Admissibility of Deposition Testimony Under the Business Records Exception
Roberts v. Direct Gen Ins., No. 2D21-195 (Fla. 2d DCA March 30, 2022)
The Second District held the business records exception is inapplicable to admit deposition testimony concerning the contents of business records where the records were not offered into evidence.
The Bullet Point: While the business records exception allows the admission of a memorandum, report, record, or data compilation, it does not authorize the admission of hearsay testimony concerning the contents of business records that have not first been admitted into evidence.

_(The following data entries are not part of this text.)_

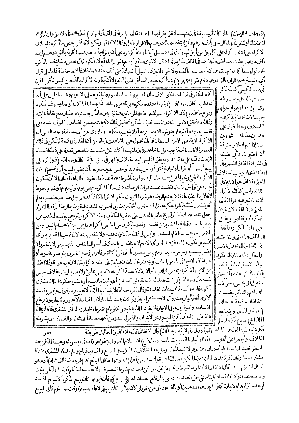 (قَوْلُهُ فِي الْمَتْنِ أَوْ إقْرَارٍ) قَالَ مُحَمَّدٌ فِي الْأَصْلِ وَإِنْ قَالُوا لَهُ: لَنَقْتُلَنَّكَ أَوْ لَتُقِرَّنَّ لِهَذَا الرَّجُلِ بِأَلْفِ دِرْهَمٍ فَأَقَرَّ لَهُ بِخَمْسِمِائَةِ دِرْهَمٍ فَالْإِقْرَارُ بَاطِلٌ وَذَلِكَ؛ لِأَنَّهُ إقْرَارُ مُكْرَهٍ؛ لِأَنَّهُ أَقَرَّ بِبَعْضِ مَا أُكْرِهَ عَلَيْهِ؛ لِأَنَّ الْإِكْرَاهَ عَلَى الْأَلْفِ إكْرَاهٌ عَلَى كُلِّ جُزْءٍ مِنْ أَجْزَائِهَا، وَقَالَ فِي الْأَصْلِ أَيْضًا وَإِنْ أَكْرَهُوهُ عَلَى أَنْ يُقِرَّ لَهُ بِأَلْفِ دِرْهَمٍ فَأَقَرَّ لَهُ بِأَلْفَيْ دِرْهَمٍ لَزِمَهُ أَلْفُ دِرْهَمٍ وَبَطَلَتْ عَنْهُ أَلْفٌ وَذَلِكَ؛ لِأَنَّهُ فِي الْأَلْفِ مُكْرَهٌ وَفِي الْأَلْفِ الْأُخْرَى طَائِعٌ فَيَصِحُّ إقْرَارُ الطَّائِعِ لَا الْمُكْرَهُ قَالَ بَعْضُ مَشَايِخِنَا مَا ذَكَرَهُ مُحَمَّدٌ قَوْلُهُمَا كَمَا إذَا شَهِدَ شَاهِدٌ أَنَّ أَحَدَهُمَا بِأَلْفٍ وَالْآخَرُ بِأَلْفَيْنِ فَإِنَّهُ تُقْبَلُ الشَّهَادَةُ عَلَى أَلْفٍ عِنْدَهُمَا خِلَافًا لِأَبِي حَنِيفَةَ فَأَمَّا عَلَى قَوْلِ أَبِي حَنِيفَةَ يَصِحُّ إقْرَارُهُ بِأَلْفَيْ دِرْهَمٍ؛ لِأَنَّهُ لَمْ يُقِرَّ بِمَا أُكْرِهَ عَلَيْهِ وَإِنَّمَا أَقَرَّ بِشَيْءٍ آخَرَ إلَّا أَنْ يَكُونَ الْإِكْرَاهُ بِأَلْفٍ مِنْ كِيسٍ فَأَقَرَّ بِأَلْفَيْنِ فِي ذَلِكَ الْكِيسِ كَذَا ذَكَرَ خُوَاهَرْزَادَهْ فِي مَبْسُوطِهِ، وَقِيلَ بَلْ هَذَا الْجَوَابُ قَوْلُهُمْ جَمِيعًا؛ لِأَنَّ مُحَمَّدًا لَمْ يَذْكُرْ فِيهِ الْخِلَافَ.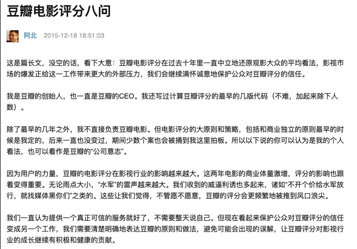 对于这些乱象,豆瓣创始人阿北此前曾在《豆瓣电影评分八问》一文中做出过一些解释,他强调豆瓣刷分是一件成本大、收效小的事情,且豆瓣有相关机制来过滤掉水军。此外,近年来豆瓣为了限制刷分,还调整了映前打分机制,电影正式上映前评分都将不予以显示。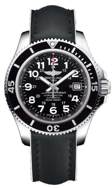 Model: A17365C9/BD67-222X - CASE = [Material:Stainless Steel], [Case Diameter:42], [Case Thickness:13.30mm], [Bezel:Uni-Directional Rotating], [Case Back:Solid], [Water Resistant:500 Meters - 1650 Feet], [Crystal:Scratch Resistant Sapphire],; DIAL = [Color:Black],; MOVEMENT = [Type:Automatic Self Winding], [Crown:Screw Down],; BAND = [Clasp:Tang], [Type:Black and White Superocean Leather], (Usually ships in 1 to 2 weeks.)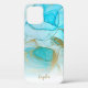Une coque iphone cool et élégante avec un motif en marbre bleu aqua et parties scintillant en faux or. Ajoutez votre nom ou monogramme à personnaliser.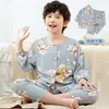Pijamas para meninas do sudeste da Ásia primavera e outono meninos manga longa terno infantil desenho animado fofo meninas bebê roupas para casa outono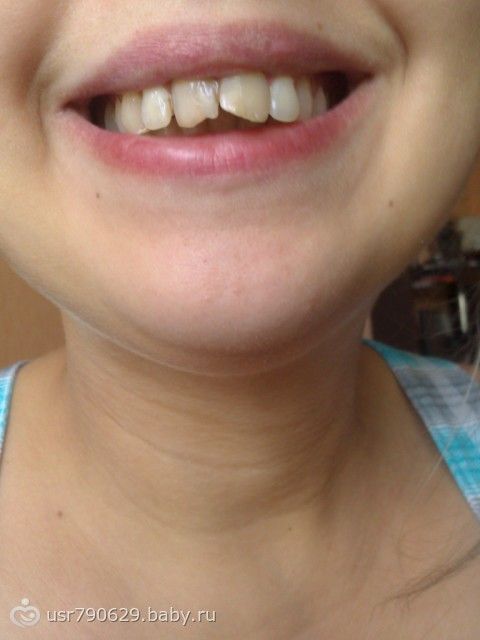 Предистория такова: в нежном возрасте — около 2-х лет, я упала и ударилась зубами о корягу, итог: удалили передний верхний резец и зубы росли не одновременно.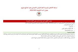 وزارة التربية الوطنية مديرية التربية لتلمسان ثانوية محمداوي احمد – بني بوسعيد ads السنة الدراسية: 2026/2025 إعــــــلان الموضوع: ب/خ منصب شاغر في مادة الرياضيات. تعلن ثانوية الشهيد محمداوي أحمد عن شغور منصب الرياضيات و تدعو الحاصلين على شهادة الماستر في الرياضيات التقدم الى الثانوية …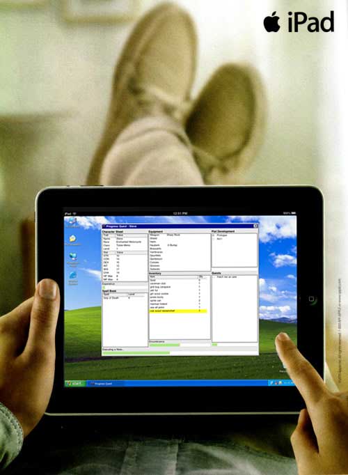 | PQ on your iPad You can already play the online version of Progress Quest on your iPad; while the game is running, touch the '+' button and select 'Add to Home Screen' for the optimal gameplay experience. It's just like having a native PQ app on your iPad! Look how much fun this guy in the Wallabies is having! ![]() [July 21, 2010] |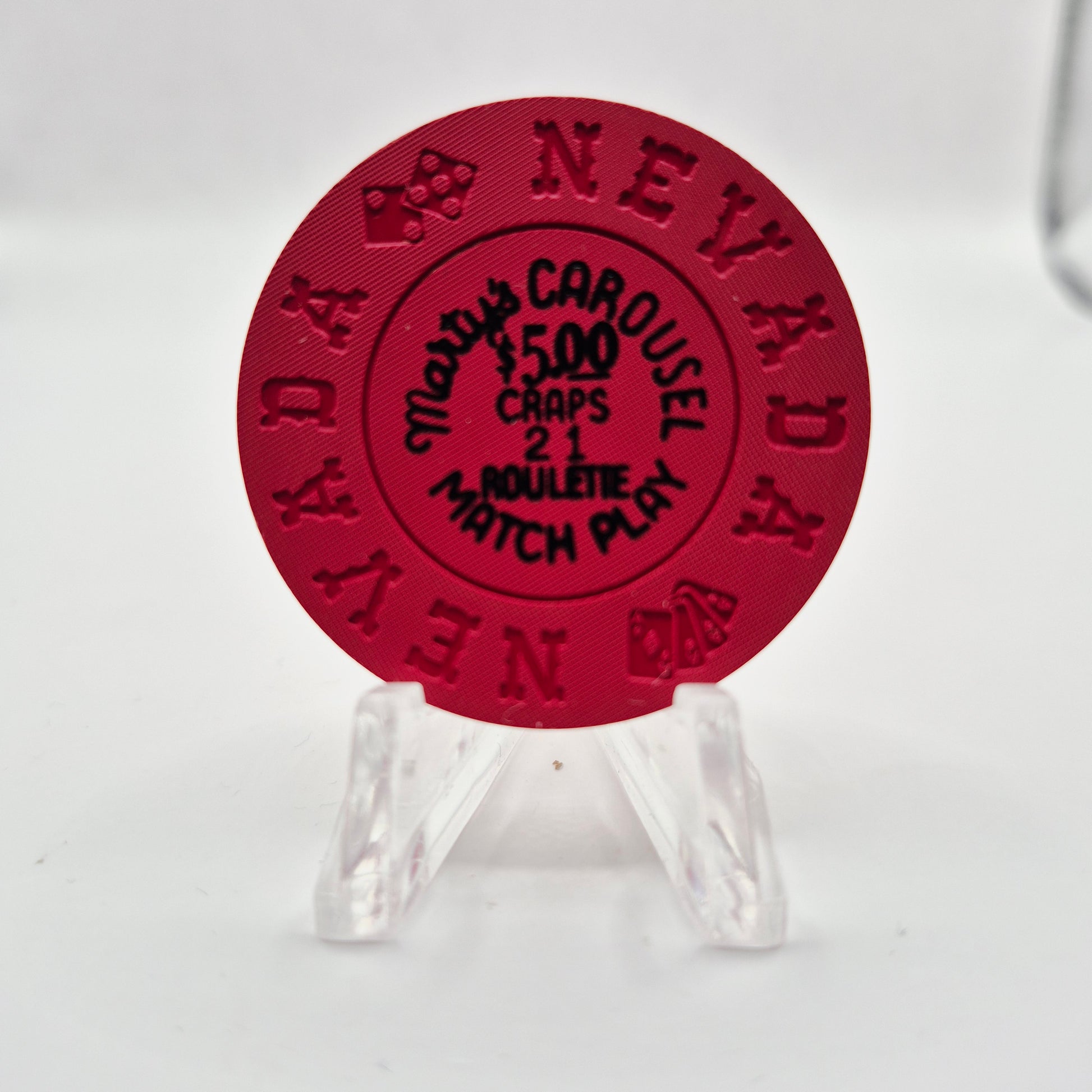 This collectible casino chip from Carousel 'Marty's' Casino in Las Vegas is a limited edition piece of casino history. Open from 1965 to 1974, this chip showcases the classic games of craps, blackjack, roulette, and match play, making it a must-have for any casino aficionado.

In this appeal, the Second Circuit specifically wrote to address the trial court’s findings pertaining to the admissibility of deposition testimony under the business records exception to the hearsay rule. At issue was the trial court’s decision to grant a motion for summary judgment that relied upon deposition testimony concerning the contents of business records but did not include the records as part of the summary judgment evidence. The trial court granted the motion, reasoning that the deposition testimony was admissible under the business records exception. The Second District disagreed with that reasoning, concluding the deposition testimony was admissible only as testimony from personal knowledge. The Second District held that the trial court’s reliance on the business records exception was misplaced, as it does not authorize the admission of deposition testimony concerning the contents of business records without having first admitted those business records.